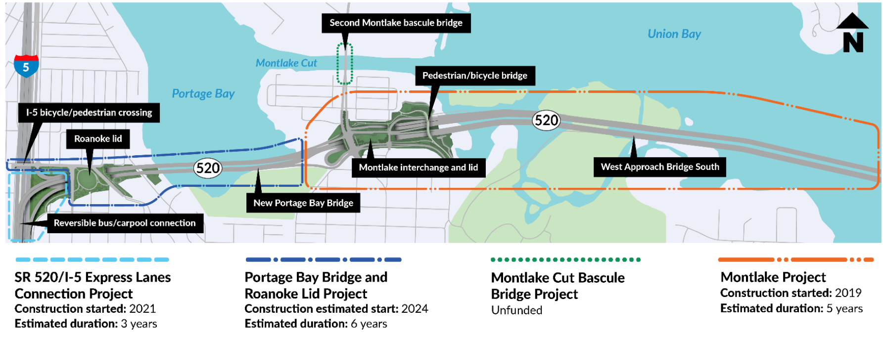 Along with contingency funding and cost increases for related 520 projects — including an additional $32 million for the Montlake Lid and $10 million for the connection to the express lanes at I-5 — the state needs to authorize an additional $725 million in funding for the overall program, including $71 million for the current biennial budget. That funding is on top of an added $406 million that the legislature allocated in the 2022 Move Ahead Washington transportation package that covered other cost increases for the 520 program.
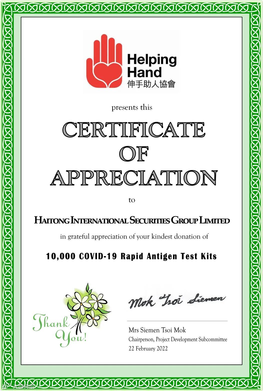 此外,海通国际延续一直以来对香港年长群体的关注,捐赠1万套新冠抗原检测试剂盒给长期合作的公益伙伴“伸手助人协会”,为长者提供支援,为抗疫尽一份绵薄之力。
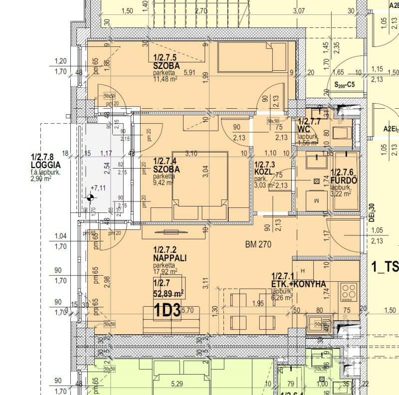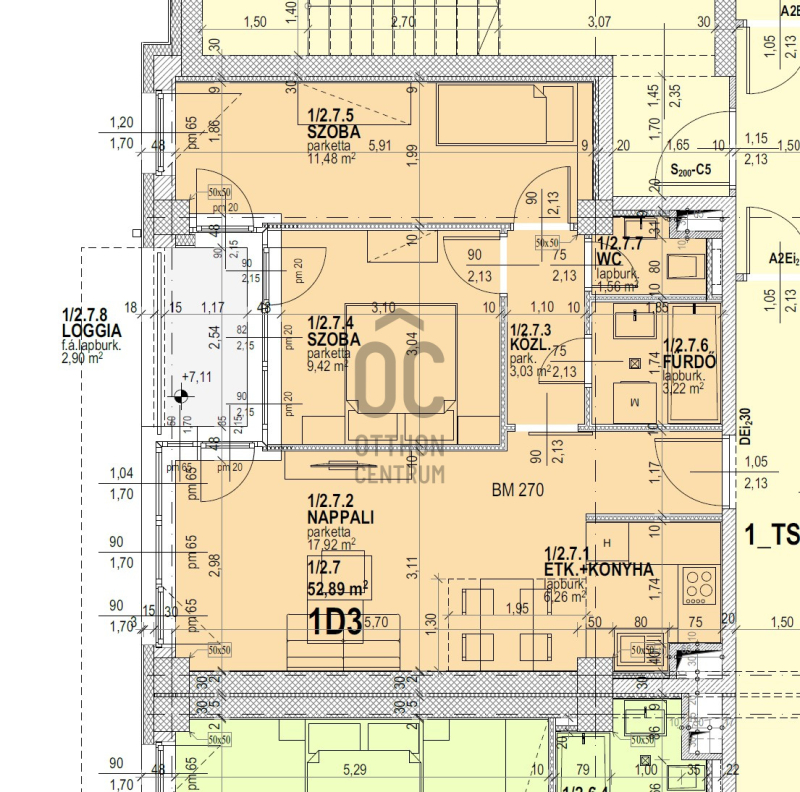 A lakáshoz tartozik egy teremgarázsi autóbeálló és a egy különálló, zárható tároló. Ezek megvásárlása kötelező, vételáruk a lakás vételára felett számítandó.

※ ※ ※

### Exercise requirements:
In your output, repeat the listing above exactly and include none of the pictures.

### Response to this task:
 Along with contingency funding and cost increases for related 520 projects — including an additional $32 million for the Montlake Lid and $10 million for the connection to the express lanes at I-5 — the state needs to authorize an additional $725 million in funding for the overall program, including $71 million for the current biennial budget. That funding is on top of an added $406 million that the legislature allocated in the 2022 Move Ahead Washington transportation package that covered other cost increases for the 520 program.
 此外,海通国际延续一直以来对香港年长群体的关注,捐赠1万套新冠抗原检测试剂盒给长期合作的公益伙伴“伸手助人协会”,为长者提供支援,为抗疫尽一份绵薄之力。
 A lakáshoz tartozik egy teremgarázsi autóbeálló és a egy különálló, zárható tároló. Ezek megvásárlása kötelező, vételáruk a lakás vételára felett számítandó.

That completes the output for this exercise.